Willful Retention of National Defense Information in violation of 18 U.S.C. § (e)

 Conspiracy to Obstruct Justice in violation of 18 U.S.C. §1512(k)

Withholding a Document or Record in violation of 18 U.S.C. §§ 1512(b)(2)(A), 2

Corruptly Concealing a Document or Record in violation of 18 U.S.C. §§ 1512(c)(l), 2

Concealing a Document in a Federal Investigation in violation of 18 U.S.C. §§ 1519, 2

Scheme to Conceal in violation of 18 U.S.C. §§ lO0l(a)(l), 2

 False Statements and Representations in violation of 18 U.S.C. §§ 1001(a)(2), 2

 All the allegations are supported by documents, testimony, photographs, and recordings.

TRUMP’S “DEFENSES” [Or “What, Are You, Nuts?]

[Warning: Do not eat or drink while reading this next part]

The willful ignorance of Republican politicians brings to mind Sam Cooke’s anthem song with the perverse (in current circumstances) title of Wonderful World:

Don’t know much about history
Don’t know much biology
Don’t know much about a science book

Don’t know much about the French I took
But I do know that I love you
And I know that if you love me, too
What a wonderful world this would be ….

One person who loves Trump is the Republican Speaker of the House, Kevin McCarthy, who just hours after the unsealing of Trump’s 37-count felony indictment threatened the U.S. Attorney General, stating that House Republicans “are not going to stand for” the criminal prosecution of the ex-president.

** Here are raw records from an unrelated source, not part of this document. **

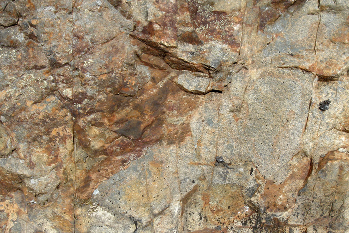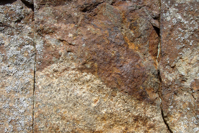 Le contraste de couleur souligne le contact : le matériel granitique est clair alors que les cornéennes sont plus sombres teintées de rouille. Le contact peut être très net et régulier ou bien diffus et irrégulier.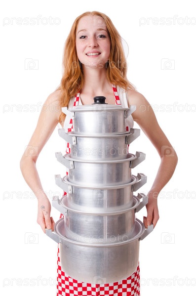 Молодая женщина повар, изолированная на белом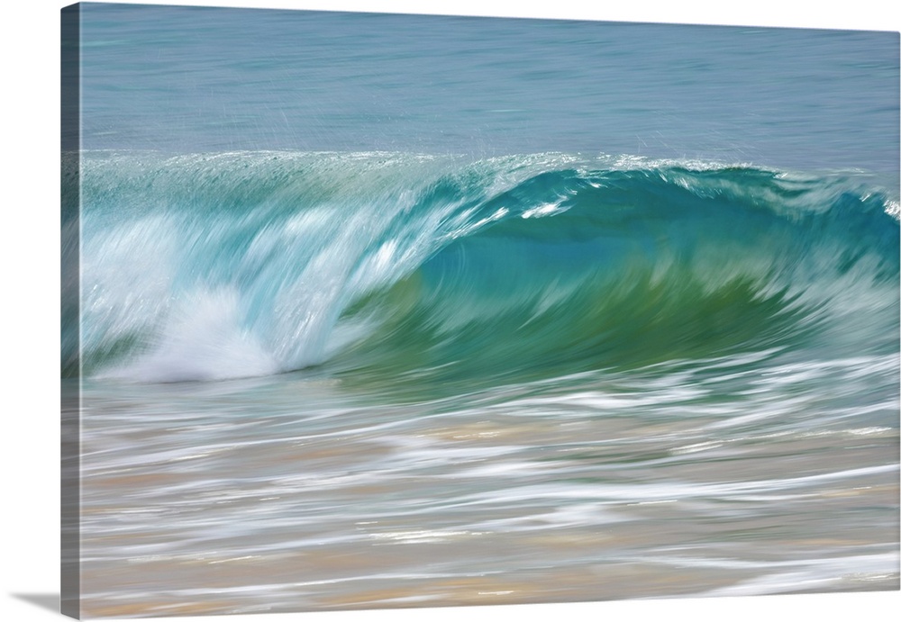 <p>Motion blur of blue rolling waves rolling into the golden sand at the shore; Kihei, Maui, Hawaii, United States of America.</p>

McCarthy, in keeping with the observations above, claims Trump is being treated differently than others, even though no one in modern times has committed the treasonous acts for which the evidence against Trump is overwhelming. No one.

The Republican idea of “equal justice” is to treat Trump better than everyone else. Trump had numerous chances to get true equal treatment; all he had to do was return the documents and, if, and it’s a massive ‘if,’ he had a claim to them, pursue it through legal channels. Instead, he chose self-help and then engaged in a coverup. By grossly misstating the legal processes by which the Trump indictment was issued, McCarthy proved he is just as dishonest as Trump himself, a believer in what Kellyanne Conway, acting as counselor to Trump, cynically called “alternative facts.”

McCarthy’s sycophancy is not peculiar to him. In his usual manner of double-talking between law, politics and delusion, Alan Dershowitz produced this preposterous standard for judging Trump’s conduct: “the Richard Nixon test.”https://tinyurl.com/5y6zz4yv (Fox Business. Where else?):

“It has to be at least as strong as the case against Richard Nixon, which we will remember led not to Democrats to demand his resignation, but Republicans, his own colleagues came to him and said, this case is so strong that we can’t support you,” Dershowitz said Friday on “Mornings with Maria.” “I haven’t seen any suggestion that Republicans agree with this indictment,” the professor continued.

Translated to simple English, Dershowitz thinks the proper legal test for Trump’s document crimes is whether Republicans approve of his being indicted. Wow. How the mighty have lost their way. Dershowitz had more to say:

American citizens, Dershowitz argued, should be able to cast their votes for those candidates who align with their social, economic or foreign policy views as opposed to “who’s more criminal.”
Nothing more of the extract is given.